Without partial_match enabled: 104 assets and files detected
With partial_match enabled:    139 assets and files detected


### 2 Using asset aliases
In some cases, there exists a known mapping between e.g asset names and the tags found in the PnID. It is possible to provide these aliases to the parsing algorithm as a dictionary called `name_mapping`.

In [14]:
job = client.pnid_parsing.detect(file_id=f.id, 
                                entities=["myawesomeasset"], 
                                name_mapping={"myawesomeasset":"23-DB-9101"}
                               )

In [15]:
job.result["items"]

[{'boundingBox': {'xMax': 0.611525287124723,
   'xMin': 0.5599435825105783,
   'yMax': 0.06611570247933884,
   'yMin': 0.05528640638358507},
  'confidence': 1.0,
  'text': 'myawesomeasset',
  'type': None},
 {'boundingBox': {'xMax': 0.5631674390489624,
   'xMin': 0.5115857344348177,
   'yMax': 0.40210886292390996,
   'yMin': 0.39184952978056437},
  'confidence': 1.0,
  'text': 'myawesomeasset',
  'type': None}]

## Detect entities in PnID based on regex pattern
This feature is useful if you don't have a pre-defined list of entities to look for in the PnID (like a list of asset tags), but you do know that all strings of interest follow one or more patterns. 

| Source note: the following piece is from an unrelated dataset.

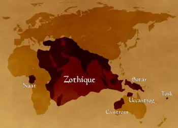 Zothique está sugerida de manera vaga por las teorías teosóficas acerca del pasado y el futuro de los continentes. Es el último continente habitado de la Tierra. Los continentes de nuestro ciclo presente se han hundido, hace tal vez evos. Algunos permanecen sumergidos, otros, han re-emergido, parcialmente y se han re-situado por sí mismos. Zothique, como yo lo concibo, incluye Asia Menor, Arabia, Persia, la India, partes del norte y este de África, así como gran parte del archipiélago de Indonesia. Una nueva Australia existe en alguna parte al sur. Hacia el oeste, solo se conocen unas pocas islas, como Naat, en la que sobreviven caníbales negros. Hacia el norte, hay inmensos desiertos inexplorados, hacia el este un inmenso mar virgen. La gente es en su mayoría de ascendencia aria o semítica, pero hay un reino negro (Ilcar) en el noroeste; y negros desperdigados por el resto de países, sobre todo en los harenes palaciegos. En las islas del sur, sobreviven vestigios de las etnias de Indonesia o Malasia. La ciencia y la maquinaria de nuestra civilización ha sido olvidada tiempo atrás, junto a nuestra presente religión. Pero hay muchos dioses que son adorados; y la hechicería y la demonología prevalecen de nuevo como en los días de la antigüedad. Los marineros solo emplean remos y velas. No hay armas de fuego –solo arcos, flechas, espadas, lanzas, etc. como en la antigüedad. El idioma hablado principalmente hablado (del cual tengo probados ejemplos en un drama no publicado) tiene bases en la raíz indoeuropea y desciende ampliamente del sánscrito, el griego y el latín.

This method takes a CDF file_id as input, as well as a list of `patterns`. The regular expression patterns must follow the format defined in [the API documentation](https://docs.cognite.com/api/playground/#operation/pnidExtract).

The regular expression patterns are limited to simple expressions without wildcards, anchors or repetition symbols, and must include groups of letters or digits to look for. A group is defined by a pattern in parenthesis () and can match either letters or numbers, but not both. Valid groups are e.g. `([A-Z]{2,5})`, `([0-9]{4})`, `(TAG)`. The groups in the pattern can optionally be separated by a separator character like `-` or `_`. The resulting tags will then include this separator character between its matching groups.

In the above PnID, we see that many tags follow these patterns:\
`23-TE-96114-01`, i.e (2 digits)-(2 letters)-(5 digits)-(2 digits)\
`23-TE-96114`, i.e (2 digits)-(2 letters)-(5 digits)

We can represent this as the following expressions:\
`([0-9]{2})-([A-Z]{2})-([0-9]{5})-([0-9]{2})`\
`([0-9]{2})-([A-Z]{2})-([0-9]{5})`

In [16]:
# Define a regex-like pattern to search for
patterns = ["([0-9]{2})-([A-Z]{2})-([0-9]{5})-([0-9]{2})", "([0-9]{2})-([A-Z]{2})-([0-9]{5})"]

NOTE: This method is not yet supported in SDK, so we are calling the API directly.

In [17]:
response = client.post(f"/api/playground/projects/{project}/context/pnid/extractpattern", 
                       json={"fileId": f.id, "patterns": patterns}).json()

In [18]:
api_url = f"/api/playground/projects/{project}/context/pnid/extractpattern"
get_response = client.get(f"{api_url}/{response['jobId']}").json()

while get_response["status"] not in ["Completed", "Failed"]:
    time.sleep(5)
    print(get_response["status"])
    get_response = client.get(url = f"{api_url}/{response['jobId']}").json()

Running
Running
Running


In [19]:
print(f"Detected {len(get_response['items'])} entities from pattern {patterns}")

Detected 84 entities from pattern ['([0-9]{2})-([A-Z]{2})-([0-9]{5})-([0-9]{2})', '([0-9]{2})-([A-Z]{2})-([0-9]{5})']


In [20]:
# Display detected patterns in file
response = client.post(f"/api/playground/projects/{project}/context/pnid/convert", {"fileId": f.id, "items": get_response['items']}).json()

In [21]:
api_url = f"/api/playground/projects/{project}/context/pnid/convert"
get_response = client.get(f"{api_url}/{response['jobId']}").json()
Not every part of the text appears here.